Animal Science Products' Guidance as to Application of FTAIA Import Exception to Foreign Companies

The Third Circuit remanded the Animal Science Products case to the district court to determine under the new standard whether the substantive requirements of the statute had been satisfied. In doing so, it offered some guidance as to the application of the FTAIA's "import trade or commerce" exception to foreign companies.

  • First, the exception must be given a "relatively strict" construction. However, although functioning as a physical importer may satisfy the import trade or commerce exception, it is not a necessary prerequisite. Rather, the inquiry is whether the defendants' alleged anti-competitive behavior was "directed at" an import market. Nor, the court suggested, are foreign defendants necessarily beyond the reach of U.S. antitrust law just because the port of first destination of goods sold is outside the U.S.
  • Second, the court held that the FTAIA's "effects" exemption does not contain a "subjective intent" requirement. Instead, the "direct" and "substantial" effect contemplated by the FTAIA must merely have been "foreseeable" to an objectively reasonable person.
  • Finally, the court listed specific factors that may support application of U.S. antitrust law to foreign defendants. These include whether the defendants took steps to prevent foreign manufacturers from selling to U.S. firms, or to prevent at least one American firm from purchasing product directly from certain foreign manufacturers. Additionally, although the port of first destination question is not dispositive, it may be relevant to whether foreign sellers' actions were directed at a U.S. import market.
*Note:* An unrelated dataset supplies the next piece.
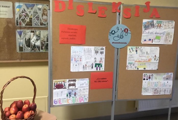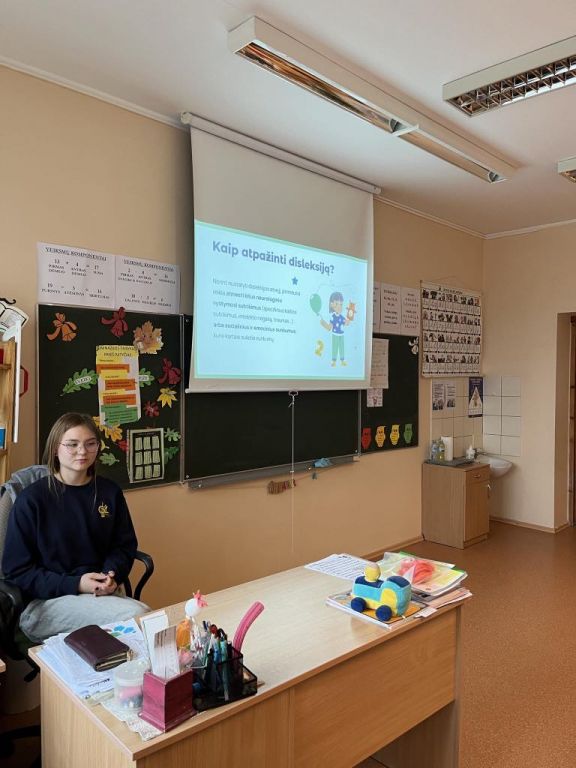Jau kelintus metus spalio mėnesį gimnazijos bendruomenė jungiasi prie Disleksijos centro iniciatyvos „Spalis - disleksijos pažinimo ir supratimo mėnuo“. Šiemet spalio 2-11 dienomis organizavome įvairius renginius, edukuojant mokinius DISLEKSIJOS tema. Gimnazijos logopedė Olga Kaziukevičienė, IIGa kl. mokinė Kornelija Kucevič- Kurkulionytė, IIIG kl. mokinė Augustė Kaziukevičiūtė diskusijose pristatė disleksijos sutrikimo priežastis, būdingus požymius, sukeliamus iššūkius, inovatyvias priemones, įtraukius būdus bei metodus, kurie palengvintų vaiko, turinčio šį sutrikimą mokymąsi. Akcentavome, jog bendravimas, bendradarbiavimas, tinkama emocinė parama gali pagerinti kiekvieno savijautą ir suteikti galimybių patirti sėkmę.

Shipments to the U.S. increase the likelihood that the FTAIA exemption (and thus the Sherman Act) applies.

In the court's view, "the import trade or commerce exception requires that the defendants' conduct target import goods or services." In assessing their exposure to U.S. antitrust law, foreign manufacturers may wish to consider whether their activities "objectively" do so in light of the above factors.

In sum, the Animal Science Products case imposes on foreign entities a new level of diligence if they wish to have confidence that their activities will escape scrutiny by U.S. courts. At least until the law is clarified further, this case sets the standard to which prudent businesses should tailor their conduct.